[Opening RECORDS FOR THIS EXERCISE section]
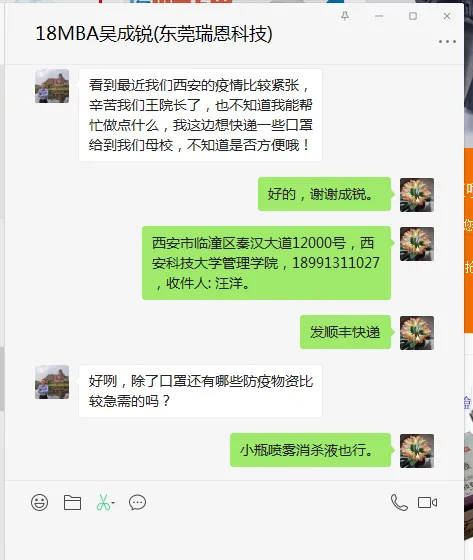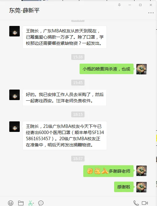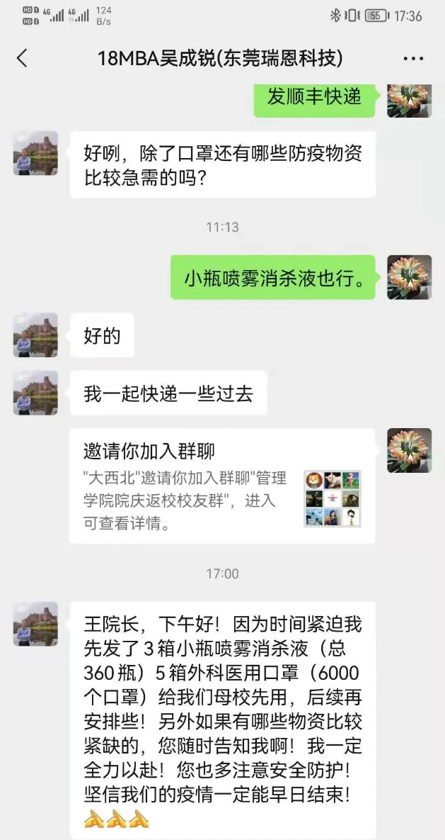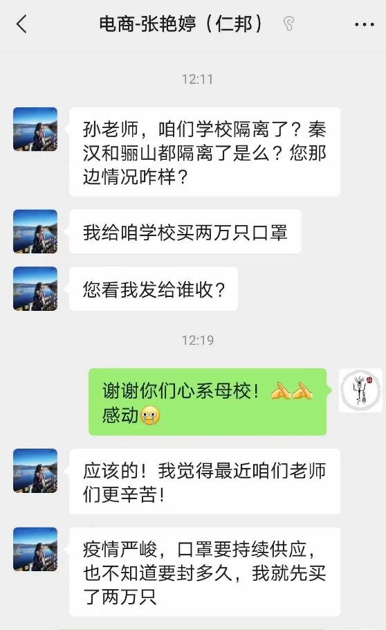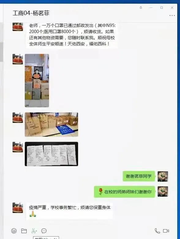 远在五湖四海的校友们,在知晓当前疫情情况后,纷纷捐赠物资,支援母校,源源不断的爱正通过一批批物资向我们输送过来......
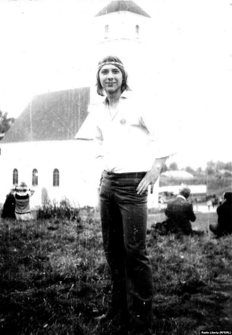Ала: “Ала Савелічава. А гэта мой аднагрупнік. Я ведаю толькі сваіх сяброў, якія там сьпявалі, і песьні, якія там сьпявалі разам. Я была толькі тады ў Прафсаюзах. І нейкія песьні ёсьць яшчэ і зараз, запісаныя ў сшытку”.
[Closing RECORDS FOR THIS EXERCISE section]
[Opening RECORDS FOR THIS EXERCISE section]
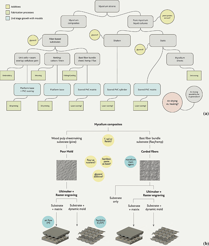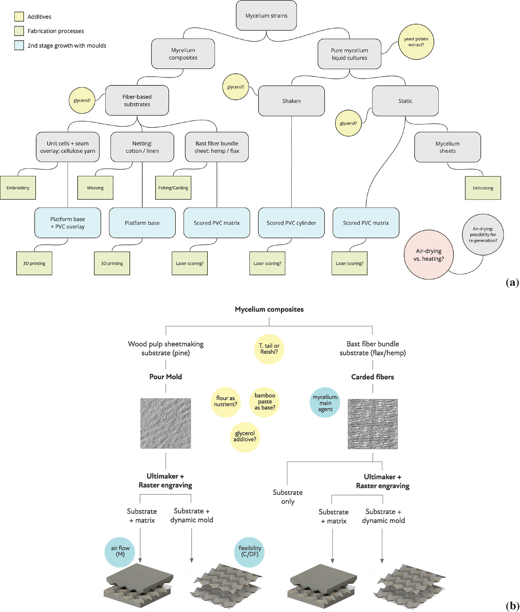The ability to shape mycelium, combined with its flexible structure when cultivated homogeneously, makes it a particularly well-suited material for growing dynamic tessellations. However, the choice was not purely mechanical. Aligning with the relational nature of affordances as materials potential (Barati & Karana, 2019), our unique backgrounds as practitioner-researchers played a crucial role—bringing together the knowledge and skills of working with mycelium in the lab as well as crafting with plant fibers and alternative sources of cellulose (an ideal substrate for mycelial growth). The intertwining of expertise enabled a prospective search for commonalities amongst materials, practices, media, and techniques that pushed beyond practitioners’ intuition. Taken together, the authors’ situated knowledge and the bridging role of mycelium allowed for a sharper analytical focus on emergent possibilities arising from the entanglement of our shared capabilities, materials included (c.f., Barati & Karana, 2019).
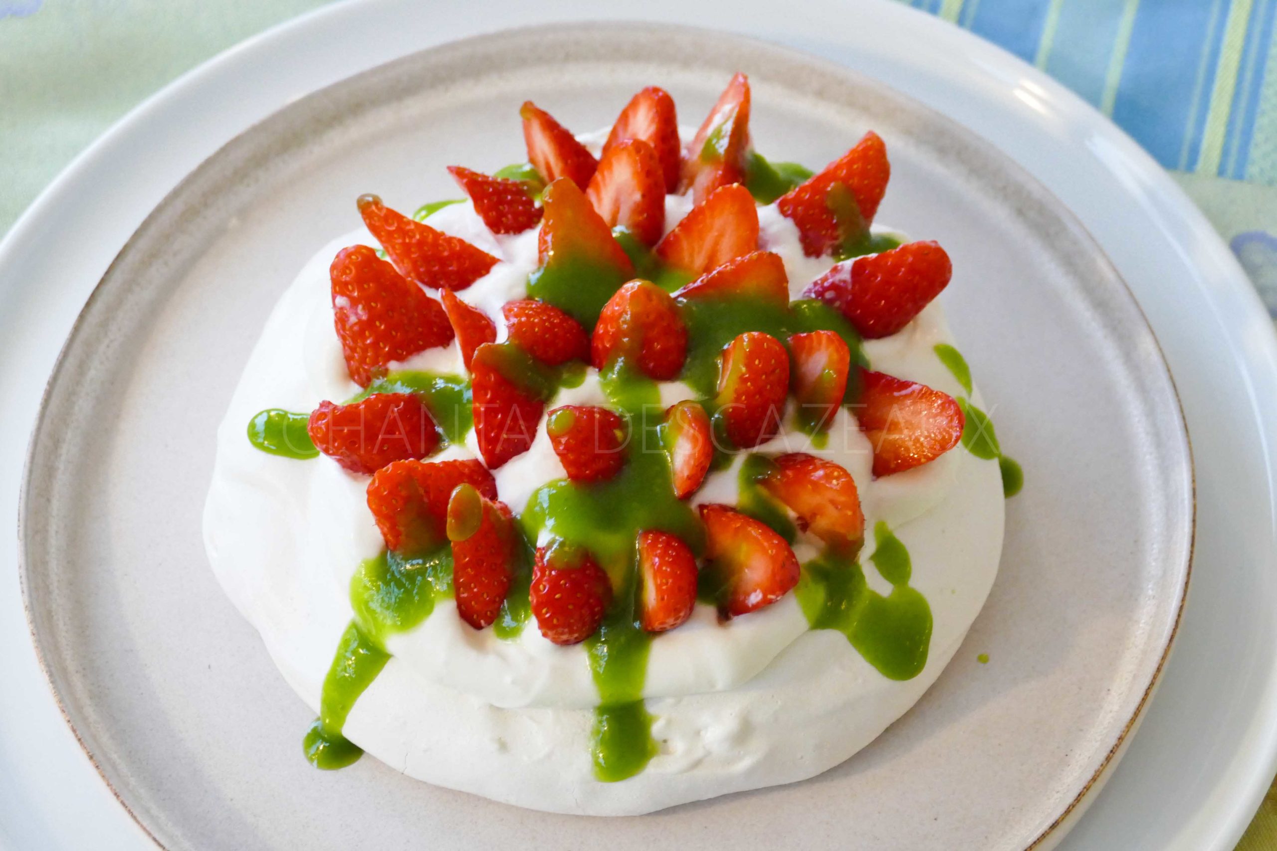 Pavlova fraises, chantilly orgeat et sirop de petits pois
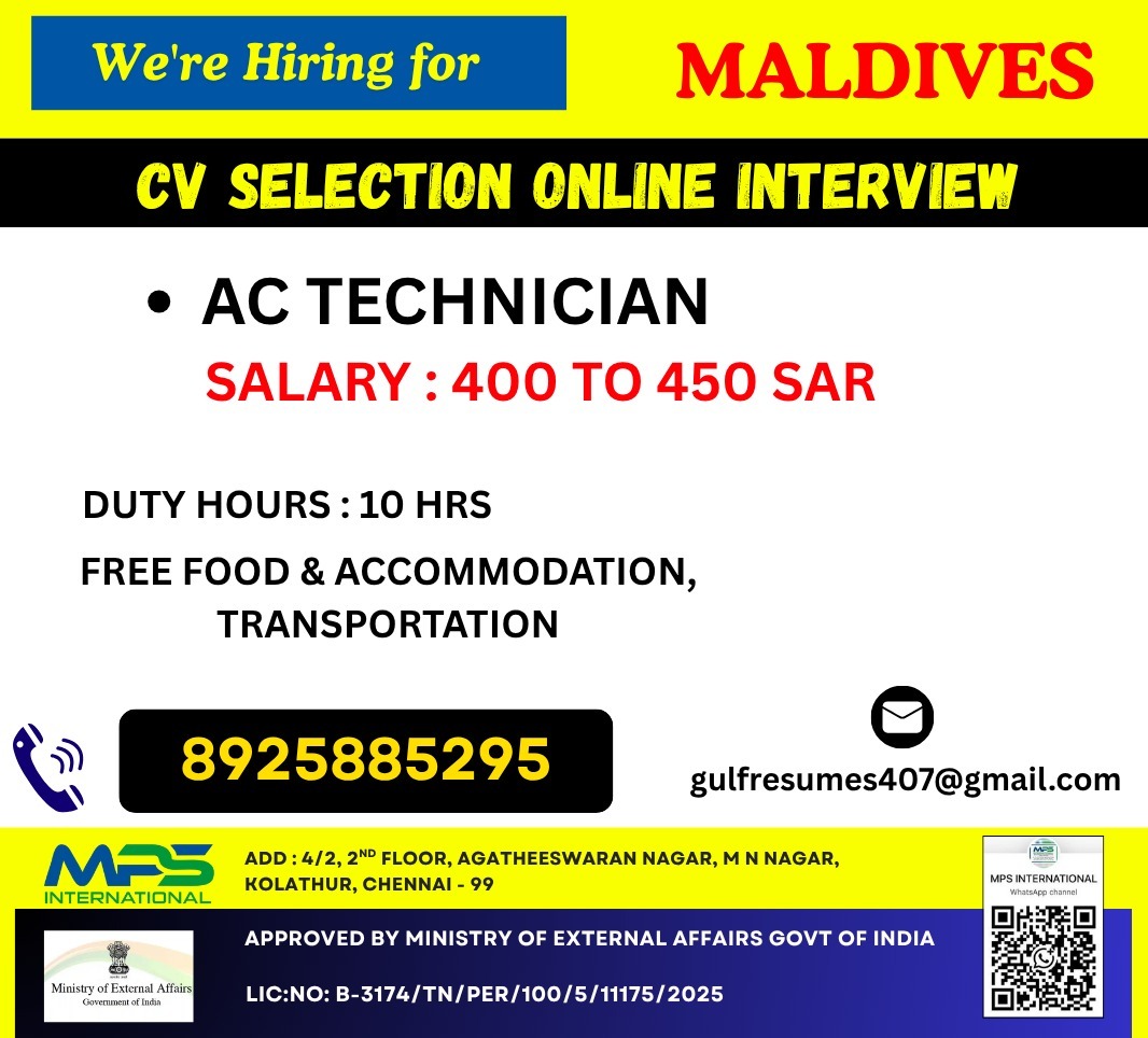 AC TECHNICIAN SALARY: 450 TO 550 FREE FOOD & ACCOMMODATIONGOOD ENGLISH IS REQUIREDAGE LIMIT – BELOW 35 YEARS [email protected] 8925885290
[Closing RECORDS FOR THIS EXERCISE section]
Would you give again, exactly, the lines in the data above that run from the line containing "Pavlova fraises, chantilly" to the line containing "AC TECHNICIAN SALARY: 450"? Include both ends and no pictures.

### WRITTEN RESPONSE
 Pavlova fraises, chantilly orgeat et sirop de petits pois
 AC TECHNICIAN SALARY: 450 TO 550 FREE FOOD & ACCOMMODATIONGOOD ENGLISH IS REQUIREDAGE LIMIT – BELOW 35 YEARS [email protected] 8925885290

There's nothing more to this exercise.